• [PROBLEM DESCRIPTION]:
Leave out every picture, and output exactly the lines from the line containing "Produto: Fresa Helicoidal" through the last line of the data.
-------- RECORDS SHOWN --------
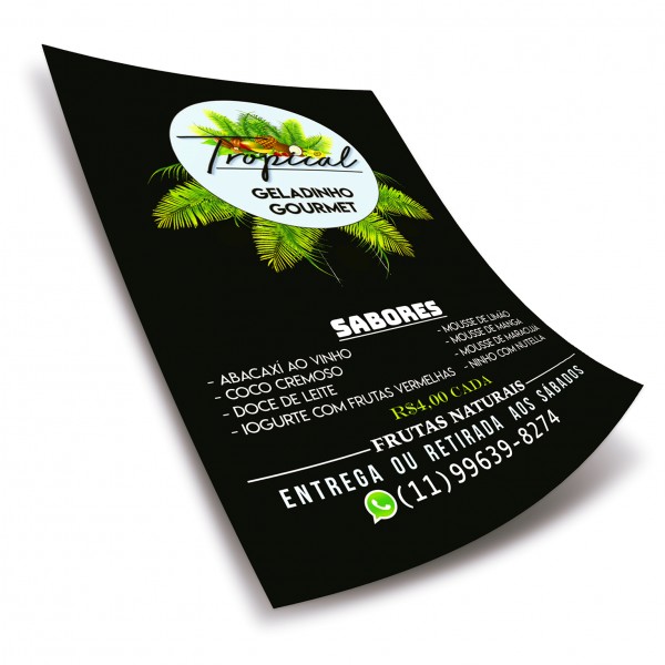 Aqui você encontra cartazes em diversos tipos e gramaturas de papéis e pode também aplicar opções distintas de coberturas para dar ainda mais visibilidade à mensagem que se deseja transmitir. Há modelos de tamanhos variados e a arte gráfica é totalmente personalizável.
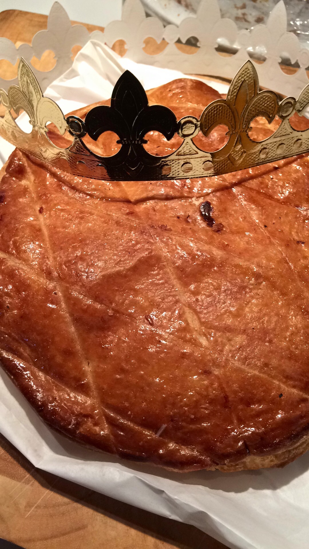 There is a similar tradition in the southern U.S., also called a King Cake, during Mardi Gras. This cake is more like the round galette and a baby trinket is hidden inside.
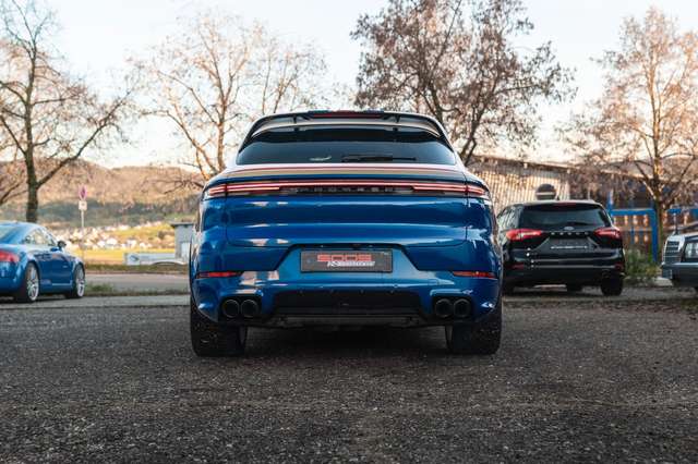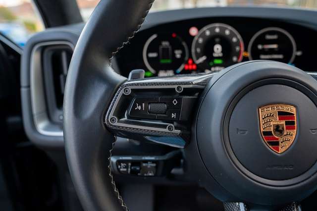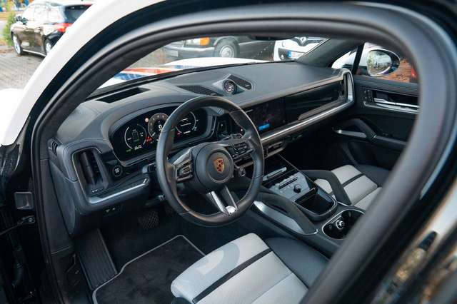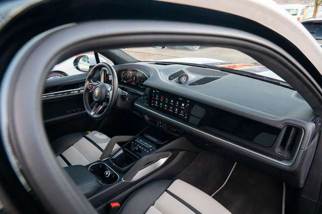 Ambiente-Beleuchtung, Außen-/Innenspiegel mit Abblendautomatik, Außenspiegel lackiert, Bremssättel schwarz (Hochglanz), Dachhimmel Alcantara, Diebstahlsicherung für Räder (Felgenschlösser), Einstiegsblenden (Carbon) beleuchtet, Exterieur-Paket, Fahrassistenz-System: aktiver Park-Assistent vorn und hinten inkl. Rückfahrkamera und Surround View, Fahrassistenz-System: Nachtsicht-Assistent, Fahrassistenz-System: Porsche Dynamic Chassis Control Sport (PDCC Sport) inkl. Torque Vectoring Plus (PTV Plus), Fahrassistenz-System: Porsche InnoDrive inkl. Abstandsregeltempomat, Fahrassistenz-System: Spurwechselassistent, Fußmatten, Head-up-Display, Home-Link (Garagentoröffner), Innenausstattung: Glattleder, Serienlederfarbe, Interieur-Paket lackiert, abweichende Farbe, Interieur-Paket: Ziernähte und Sitzmittelbahn farblich abweichend, Interieur-Zusatzpaket: Haltegriffe Race-Tex, Klimaautomatik 4-Zonen, Komfortsitze vorn inkl. Sitzverstellung 14-Wege und Memory-Paket, Komfortzugang (Schlüssellose Türentriegelung), Ladekabel mit Industriestecker (32 A / 400 V), Ladevorrichtung On-Board-Lader (bis 11 kW), Lenkrad heizbar (GT Sport / Leder) mit Multifunktion, Schaltfunktion und Lenkradblende Carbon, LM-Felgen vorn/hinten: 9,5x21 / 11x21 (Cayenne Turbo Design Rad, Vesuv-Grau), Panorama-Schiebedach zweiteilig vorn elektrisch, Radioempfang digital (DAB+), Radnaben - Abdeckungen Porschewappen farbig, Schriftzug Porsche lackiert, Seitenairbag hinten, Servolenkung Plus (geschwindigkeitsabhängig), Sitze vorn mit Massage- und Belüftungsfunktion, Soft Close Türen, Sound-System BOSE, Sport-Auspuffanlage, Endrohre Bronze, Sport-Design-Paket schwarz, Hochglanz, Türgriffe außen schwarz lackiert (Hochglanz), Verglasung hinten abgedunkelt (Privacyverglasung) inkl. Wärmeschutzverglasung geräuschdämmend, Vierradlenkung
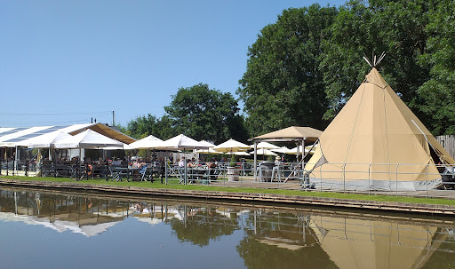 16 July 2021: After getting down the 29 "Tardebigge" locks and mooring up just before the bridge and Queens Head, refreshing drinks and maybe a bite as it was coming on for lunch was certainly the right decision... We walked over and got a table inside as the sun was gloriously hot outside and also there weren't many outdoors tables left. The Queens Head is quite a big spread out indoors and outdoors restaurant and country pub by the canal side but it keeps itself inviting and welcoming and doesn't feel too excessively big... Social distancing was maintained, masks needed on entrance and the staff were friendly, cheerful and attentive. The toilets were very clean, nicely decorated and modern.. The decor inside is a mix of contemporary, soft cosy materials yet keeping the character of the original building itself and do like the wood...it all works as its relaxing and inviting. Outside, the landscaped gardens and seating area offer a very tranquil, picturesque feeling and being right by the canal side on a beautiful sunny day can't get any better... The Tepee is rather quirky especially as the numerous modern art pieces around the area where we were having lunch all had a "hee..haw" Cowboy theme...(it would be interesting to find out what the connection is?)
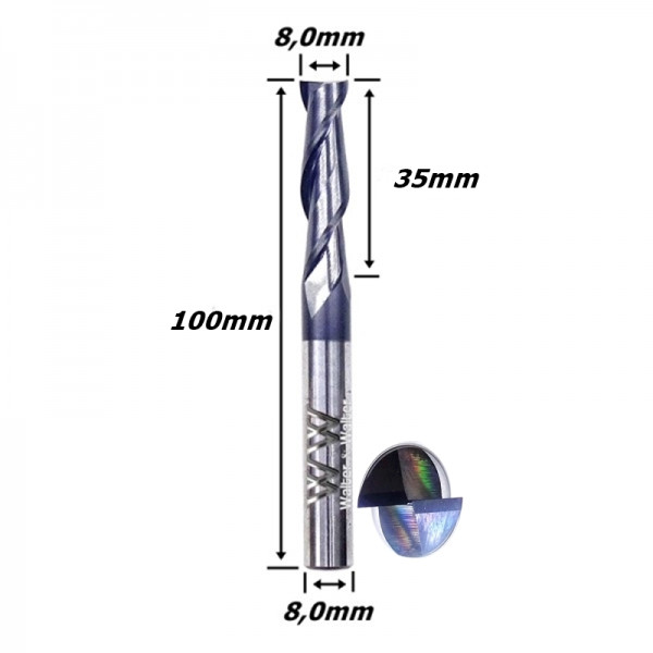 Produto: Fresa Helicoidal 8,0mm (2c) X 35mm X 100mm X 8,0mm. (Ftr1287)
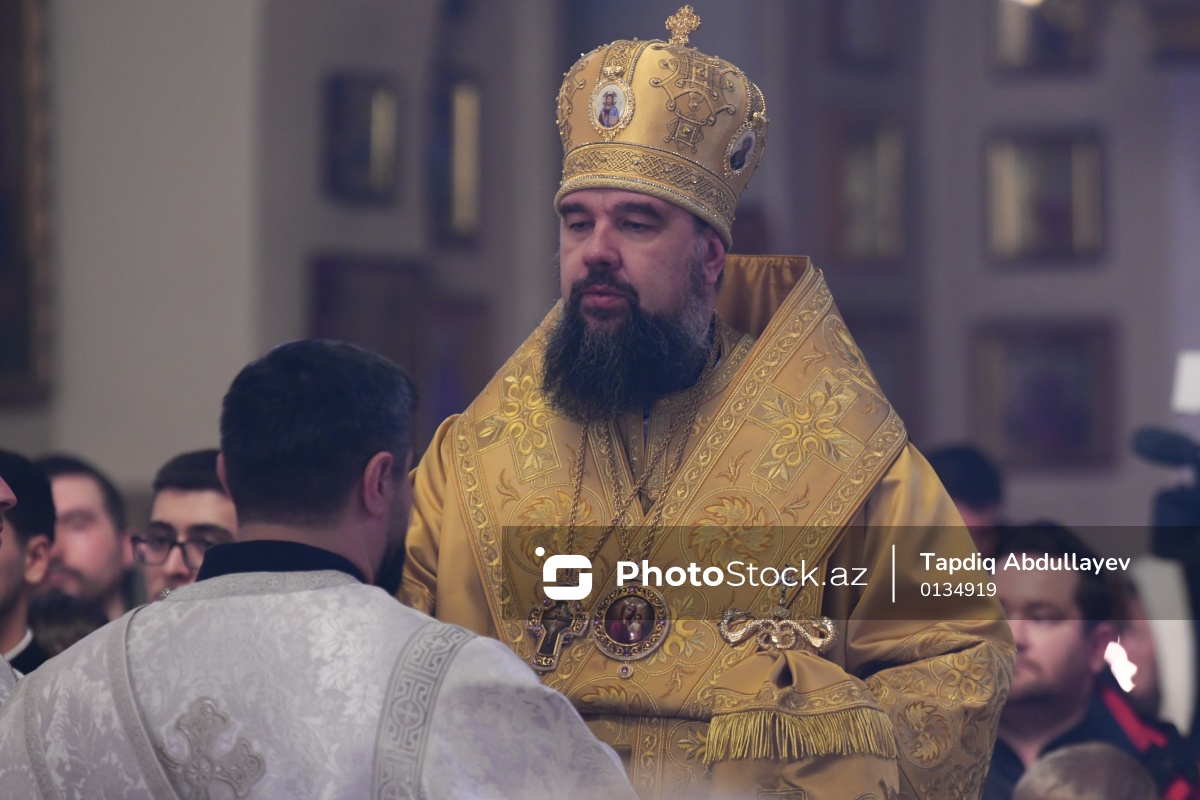 Müqəddəs Mürdaşıyan Zənənlər Kafedral Kilsəsində qeyd olunan Milad bayramında iştirak edən Rus Pravoslav Kilsəsinin Bakı və Azərbaycan Yeparxiyasının rəhbəri Aleksiy Smirnov.
--------
• [FINAL ANSWER]:
 Produto: Fresa Helicoidal 8,0mm (2c) X 35mm X 100mm X 8,0mm. (Ftr1287)
 Müqəddəs Mürdaşıyan Zənənlər Kafedral Kilsəsində qeyd olunan Milad bayramında iştirak edən Rus Pravoslav Kilsəsinin Bakı və Azərbaycan Yeparxiyasının rəhbəri Aleksiy Smirnov.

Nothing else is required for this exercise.